Records excerpted from a collection:
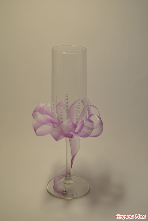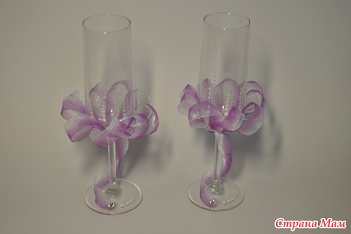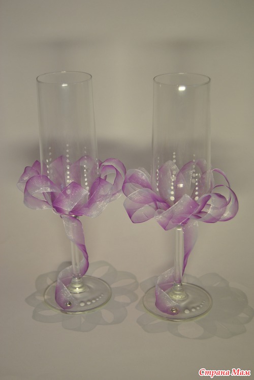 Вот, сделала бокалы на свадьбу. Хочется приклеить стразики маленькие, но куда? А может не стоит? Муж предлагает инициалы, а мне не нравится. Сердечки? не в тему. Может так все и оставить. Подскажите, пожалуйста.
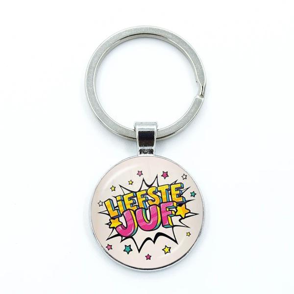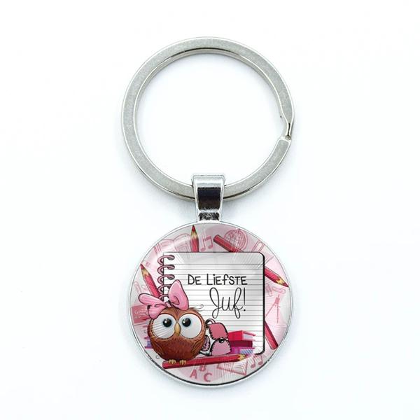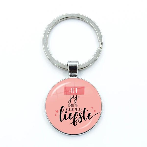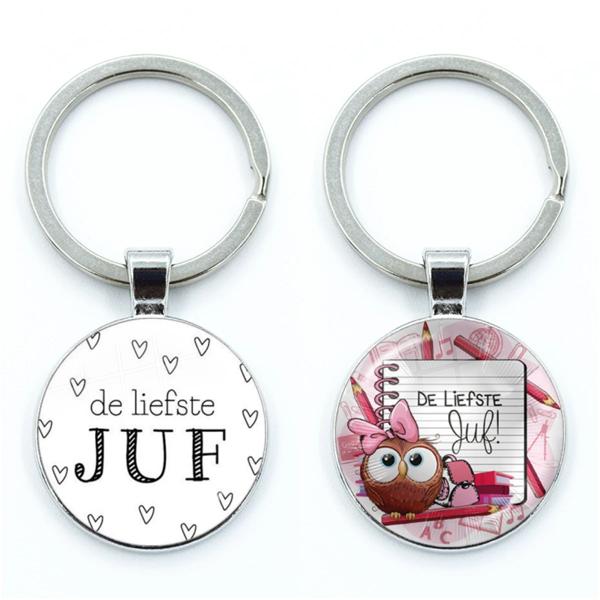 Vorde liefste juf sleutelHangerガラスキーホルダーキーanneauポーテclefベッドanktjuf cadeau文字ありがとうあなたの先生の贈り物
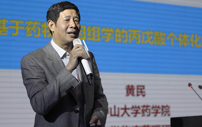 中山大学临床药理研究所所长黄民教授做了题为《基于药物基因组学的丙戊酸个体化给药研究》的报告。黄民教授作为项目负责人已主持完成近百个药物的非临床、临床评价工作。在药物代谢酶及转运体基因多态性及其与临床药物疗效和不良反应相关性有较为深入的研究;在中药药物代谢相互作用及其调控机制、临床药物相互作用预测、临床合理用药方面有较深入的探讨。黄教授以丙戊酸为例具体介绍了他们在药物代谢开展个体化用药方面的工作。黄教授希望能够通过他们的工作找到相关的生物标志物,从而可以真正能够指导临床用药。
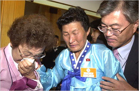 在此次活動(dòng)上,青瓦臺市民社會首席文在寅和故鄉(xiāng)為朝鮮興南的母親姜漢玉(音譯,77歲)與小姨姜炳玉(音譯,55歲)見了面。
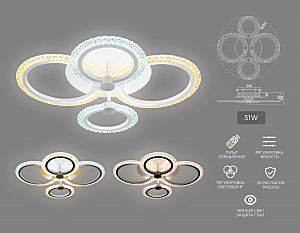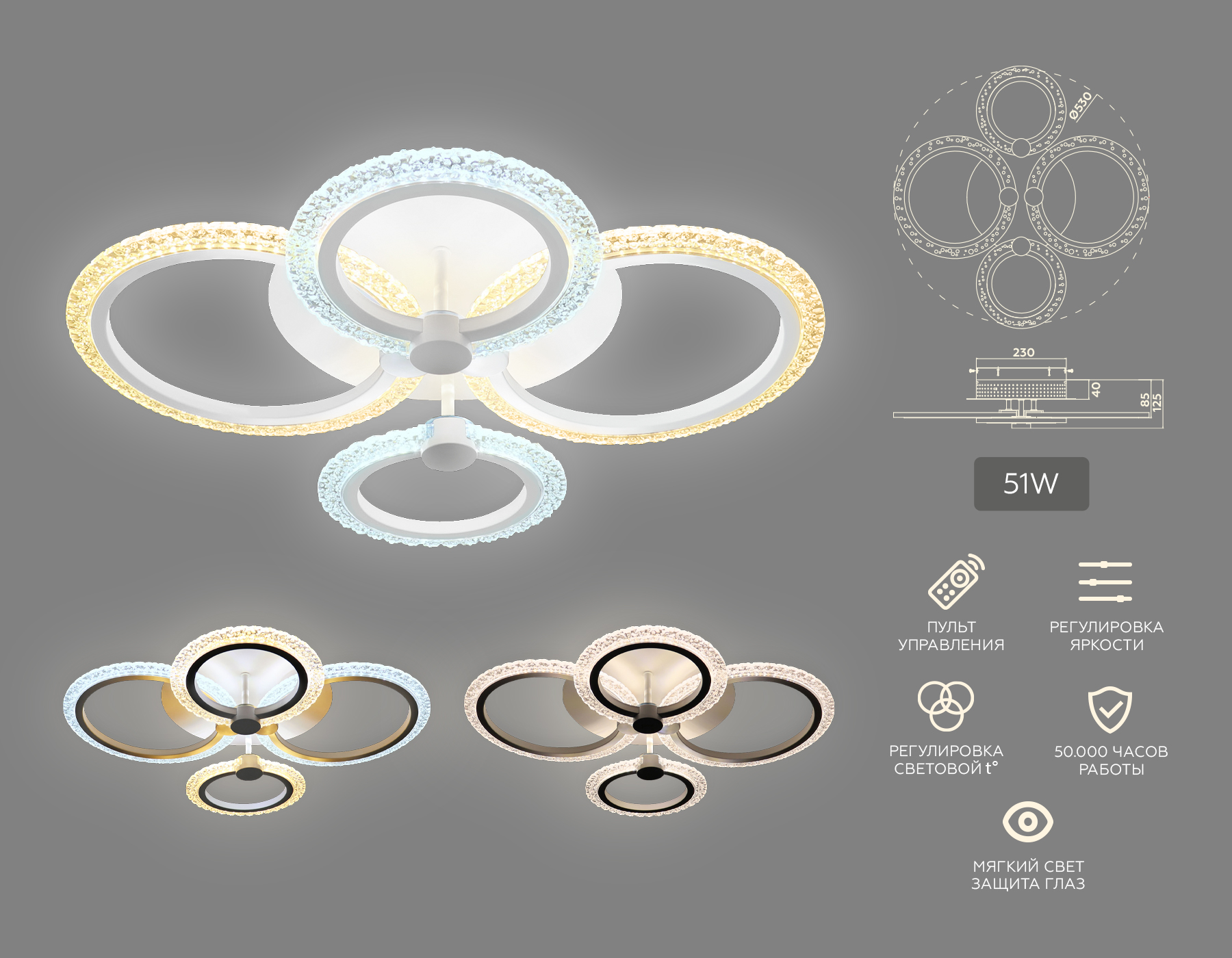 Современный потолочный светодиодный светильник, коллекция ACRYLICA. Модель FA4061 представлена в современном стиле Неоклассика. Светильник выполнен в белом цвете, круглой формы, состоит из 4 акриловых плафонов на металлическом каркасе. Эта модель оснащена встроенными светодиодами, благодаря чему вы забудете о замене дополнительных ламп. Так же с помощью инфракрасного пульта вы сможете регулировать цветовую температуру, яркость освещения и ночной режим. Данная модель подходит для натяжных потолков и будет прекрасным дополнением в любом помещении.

TASK DETAILS: Write out every record above exactly, leaving no picture in the result.

REPLY TO THE TASK:
 Вот, сделала бокалы на свадьбу. Хочется приклеить стразики маленькие, но куда? А может не стоит? Муж предлагает инициалы, а мне не нравится. Сердечки? не в тему. Может так все и оставить. Подскажите, пожалуйста.
 Vorde liefste juf sleutelHangerガラスキーホルダーキーanneauポーテclefベッドanktjuf cadeau文字ありがとうあなたの先生の贈り物
 中山大学临床药理研究所所长黄民教授做了题为《基于药物基因组学的丙戊酸个体化给药研究》的报告。黄民教授作为项目负责人已主持完成近百个药物的非临床、临床评价工作。在药物代谢酶及转运体基因多态性及其与临床药物疗效和不良反应相关性有较为深入的研究;在中药药物代谢相互作用及其调控机制、临床药物相互作用预测、临床合理用药方面有较深入的探讨。黄教授以丙戊酸为例具体介绍了他们在药物代谢开展个体化用药方面的工作。黄教授希望能够通过他们的工作找到相关的生物标志物,从而可以真正能够指导临床用药。
 在此次活動(dòng)上,青瓦臺市民社會首席文在寅和故鄉(xiāng)為朝鮮興南的母親姜漢玉(音譯,77歲)與小姨姜炳玉(音譯,55歲)見了面。
 Современный потолочный светодиодный светильник, коллекция ACRYLICA. Модель FA4061 представлена в современном стиле Неоклассика. Светильник выполнен в белом цвете, круглой формы, состоит из 4 акриловых плафонов на металлическом каркасе. Эта модель оснащена встроенными светодиодами, благодаря чему вы забудете о замене дополнительных ламп. Так же с помощью инфракрасного пульта вы сможете регулировать цветовую температуру, яркость освещения и ночной режим. Данная модель подходит для натяжных потолков и будет прекрасным дополнением в любом помещении.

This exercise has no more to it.